Data extracted from a collection

━━━━━━━━━━━━━━━━━━━━━━━━━━━━━━

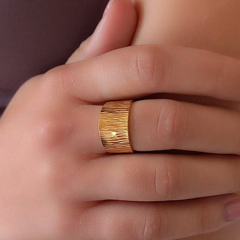 Δαχτυλίδι ατσάλινο χρυσού χρώματος, το οποίο σε επιφάνεια 1,3 cm διακοσμείται με διακριτική χάραξη. Προσαρμόζεται στο μέγεθος του δακτύλου.
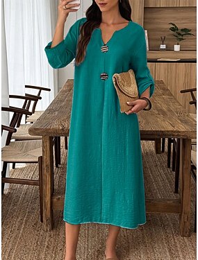 Per donna Abito Midi Finto cotone e lino Abito a trapezio Abito Estivo Casual Quotidiano Vestibilità regolare Semplice Mezza Manica Girocollo Blu Bianco Viola Verde Estate
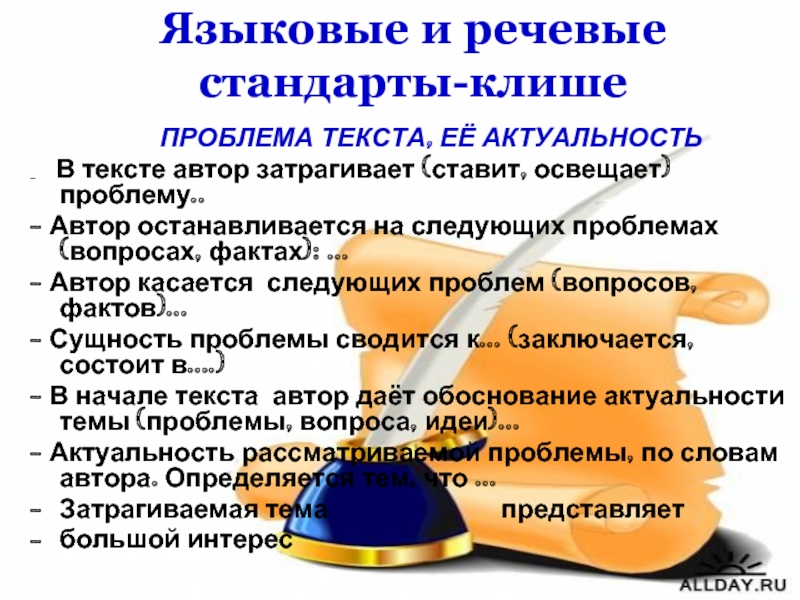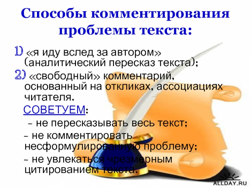 Слайд 14Формулировка и комментарий основной проблемы текста
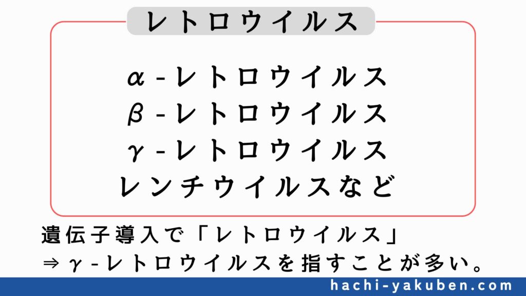 そもそも、レトロウイルス(以下γ-レトロウイルス)・レンチウイルスはレトロウイルスグループに属している。
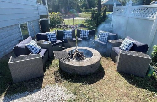 relax by the stone fire pit 🔥 or enjoy the bluetooth music vanity mirrors and wall-mounted smart tvs throughout the house
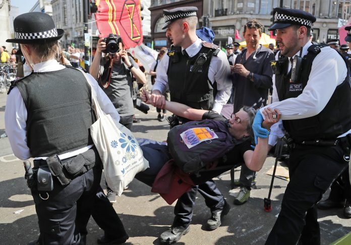 Politiet har forsøkt å få demonstrantene til å holde seg på ett sted – Marble Arch ved Hyde Park – uten særlig hell. Protestaksjonene fortsatte påskeaften på tross av at politiet fjernet den rosa seilbåten som hadde fungert som et naturlig samlingspunkt for demonstrantene.
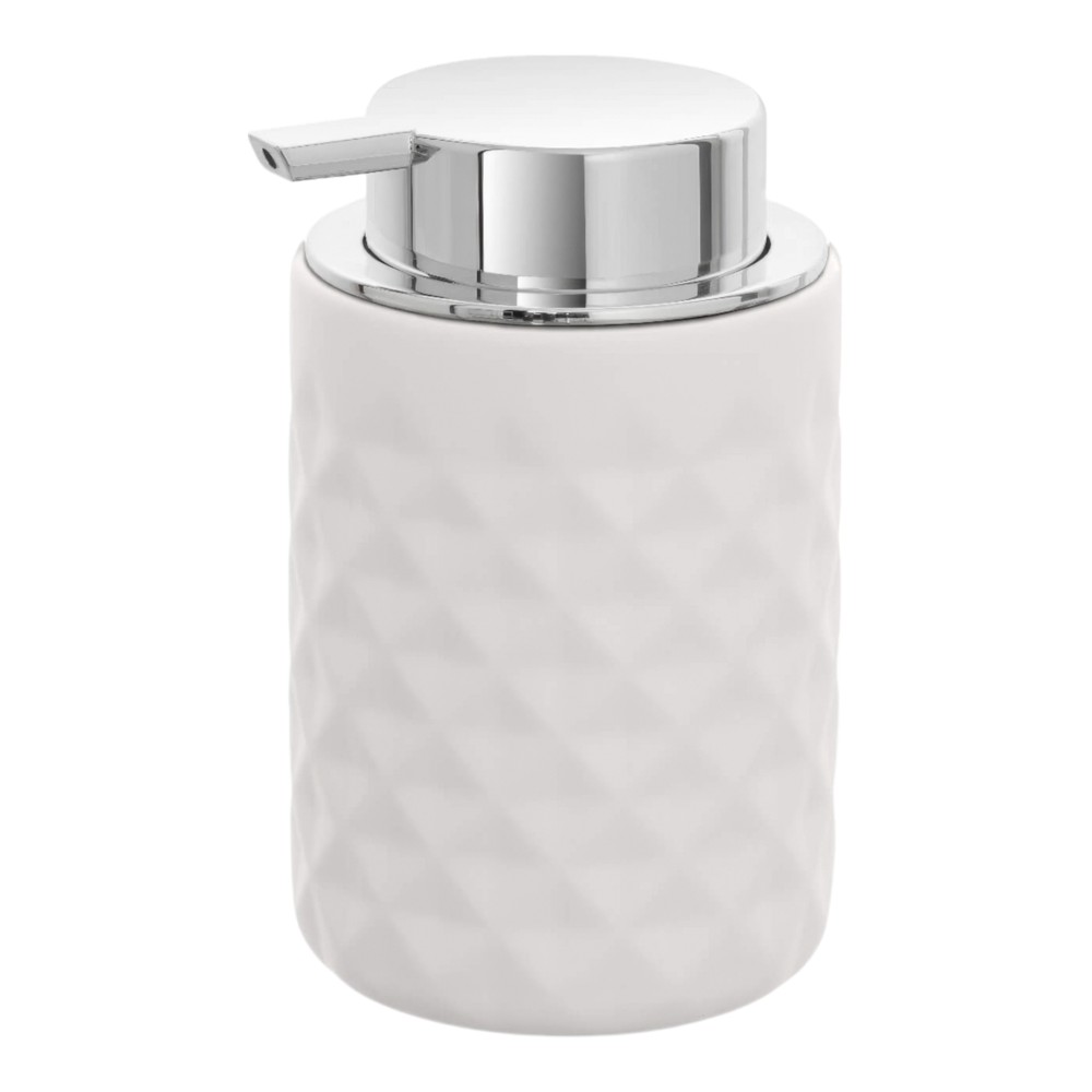 The "Texas" soap dispenser produced by the well-known FERIDRAS brand in high quality ceramics in white color fits easily with all types of furnishings. This accessory rests on the furniture eliminating the need for modifications to the toilet tiles. Complete the accessory set with the "Texas" line. Dimensions, height : 14 cm, diameter : 8 cm. Capacity : 400 ml.
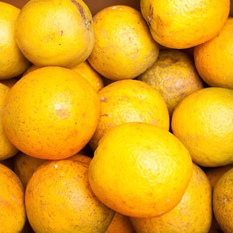 バレンシアオレンジは、黄色くなったあと緑色にもどる「回青現象」と呼ばれる現象が起こる場合がございますが緑色でも完熟です。
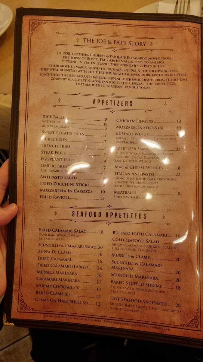 Overall, the food at Joe & Pat's fits comfortably into the familiar and easygoing dining experiences that Staten Island locals appreciate—simple, honest fare designed to be enjoyed without fuss.
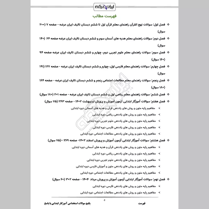 1404/11/02 اضافه شدن فصل جدید (اصل سوالات آموزگار ابتدایی مرداد 1404)
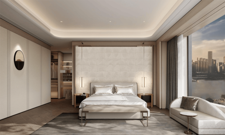 灯光设计也更进一步,从功能使用走向氛围重塑、走向景观形意表达——光线经过N次漫反射,才清雅柔和地覆盖在空间之中,提供均匀、典雅、无眩光的健康光线,同时,最大限度地考量外部景观视野与内部空间的联结,真正将节能环保的绿色居住理念融入其中,成为情绪价值的营造者。
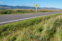 A rural road in New Zealand leads to a coastal overlook. The road is surrounded by tall grass and mountains in the distance. A clear day provides an overview of the ocean view.
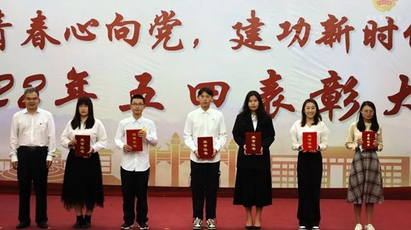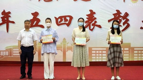 表彰大会上,团委书记陈思思宣读了表彰决定,与会领导和老师为获奖集体和个人颁奖。
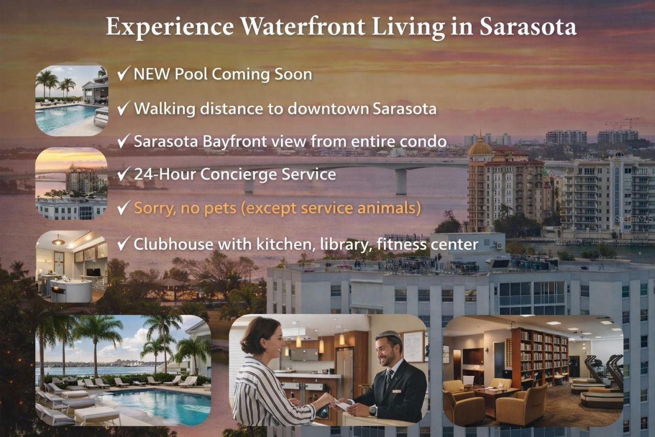 WE HEARD YOUR FEEDBACK. UPDATES ARE COMPLETE. THIS CONDO NOW SHOWS LIKE A MODEL. Welcome to your front-row seat to Sarasota Bay at the highly sought-after Regency House on Gulfstream Avenue. This beautifully updated 2-bedroom, 2-bath residence sits on the 4th floor and offers 1,424 sq. ft. of bright, open living space-plus a wall of floor-to-ceiling windows that deliver sparkling bay views from morning coffee to sunset cocktails.The open-concept living and dining areas are flooded with natural light (yes, it's as good as it sounds), while the designer kitchen features stone countertops, custom cabinetry, and stainless-steel appliances-perfect for hosting, entertaining, or simply enjoying the view while pretending you're on vacation.The primary suite is a peaceful retreat with panoramic water views, a generous closet, and a beautifully updated ensuite bath. The second bedroom is equally spacious and flexible-ideal for guests, a home office, or a stylish retreat of your own.Residents of Regency House enjoy resort-style amenities including a 24-hour concierge, heated pool, updated clubroom, and secure covered parking-all designed for effortless downtown living.Located just steps from Marina Jack, Bayfront Park, Main Street dining, shopping, galleries, parks, live music and Sarasota's vibrant arts and cultural scene, this is downtown waterfront living done right.Easy to schedule showings. Come see why this is one of the BEST values on the Bayfront-and why you'll want to act fast.

━━━━━━━━━━━━━━━━━━━━━━━━━━━━━━

**EXERCISE INSTRUCTIONS:**
What you produce should repeat the data word for word while omitting all images.

**EXERCISE RESPONSE:**
 Δαχτυλίδι ατσάλινο χρυσού χρώματος, το οποίο σε επιφάνεια 1,3 cm διακοσμείται με διακριτική χάραξη. Προσαρμόζεται στο μέγεθος του δακτύλου.
 Per donna Abito Midi Finto cotone e lino Abito a trapezio Abito Estivo Casual Quotidiano Vestibilità regolare Semplice Mezza Manica Girocollo Blu Bianco Viola Verde Estate
 Слайд 14Формулировка и комментарий основной проблемы текста
 そもそも、レトロウイルス(以下γ-レトロウイルス)・レンチウイルスはレトロウイルスグループに属している。
 relax by the stone fire pit 🔥 or enjoy the bluetooth music vanity mirrors and wall-mounted smart tvs throughout the house
 Politiet har forsøkt å få demonstrantene til å holde seg på ett sted – Marble Arch ved Hyde Park – uten særlig hell. Protestaksjonene fortsatte påskeaften på tross av at politiet fjernet den rosa seilbåten som hadde fungert som et naturlig samlingspunkt for demonstrantene.
 The "Texas" soap dispenser produced by the well-known FERIDRAS brand in high quality ceramics in white color fits easily with all types of furnishings. This accessory rests on the furniture eliminating the need for modifications to the toilet tiles. Complete the accessory set with the "Texas" line. Dimensions, height : 14 cm, diameter : 8 cm. Capacity : 400 ml.
 バレンシアオレンジは、黄色くなったあと緑色にもどる「回青現象」と呼ばれる現象が起こる場合がございますが緑色でも完熟です。
 Overall, the food at Joe & Pat's fits comfortably into the familiar and easygoing dining experiences that Staten Island locals appreciate—simple, honest fare designed to be enjoyed without fuss.
 1404/11/02 اضافه شدن فصل جدید (اصل سوالات آموزگار ابتدایی مرداد 1404)
 灯光设计也更进一步,从功能使用走向氛围重塑、走向景观形意表达——光线经过N次漫反射,才清雅柔和地覆盖在空间之中,提供均匀、典雅、无眩光的健康光线,同时,最大限度地考量外部景观视野与内部空间的联结,真正将节能环保的绿色居住理念融入其中,成为情绪价值的营造者。
 A rural road in New Zealand leads to a coastal overlook. The road is surrounded by tall grass and mountains in the distance. A clear day provides an overview of the ocean view.
 表彰大会上,团委书记陈思思宣读了表彰决定,与会领导和老师为获奖集体和个人颁奖。
 WE HEARD YOUR FEEDBACK. UPDATES ARE COMPLETE. THIS CONDO NOW SHOWS LIKE A MODEL. Welcome to your front-row seat to Sarasota Bay at the highly sought-after Regency House on Gulfstream Avenue. This beautifully updated 2-bedroom, 2-bath residence sits on the 4th floor and offers 1,424 sq. ft. of bright, open living space-plus a wall of floor-to-ceiling windows that deliver sparkling bay views from morning coffee to sunset cocktails.The open-concept living and dining areas are flooded with natural light (yes, it's as good as it sounds), while the designer kitchen features stone countertops, custom cabinetry, and stainless-steel appliances-perfect for hosting, entertaining, or simply enjoying the view while pretending you're on vacation.The primary suite is a peaceful retreat with panoramic water views, a generous closet, and a beautifully updated ensuite bath. The second bedroom is equally spacious and flexible-ideal for guests, a home office, or a stylish retreat of your own.Residents of Regency House enjoy resort-style amenities including a 24-hour concierge, heated pool, updated clubroom, and secure covered parking-all designed for effortless downtown living.Located just steps from Marina Jack, Bayfront Park, Main Street dining, shopping, galleries, parks, live music and Sarasota's vibrant arts and cultural scene, this is downtown waterfront living done right.Easy to schedule showings. Come see why this is one of the BEST values on the Bayfront-and why you'll want to act fast.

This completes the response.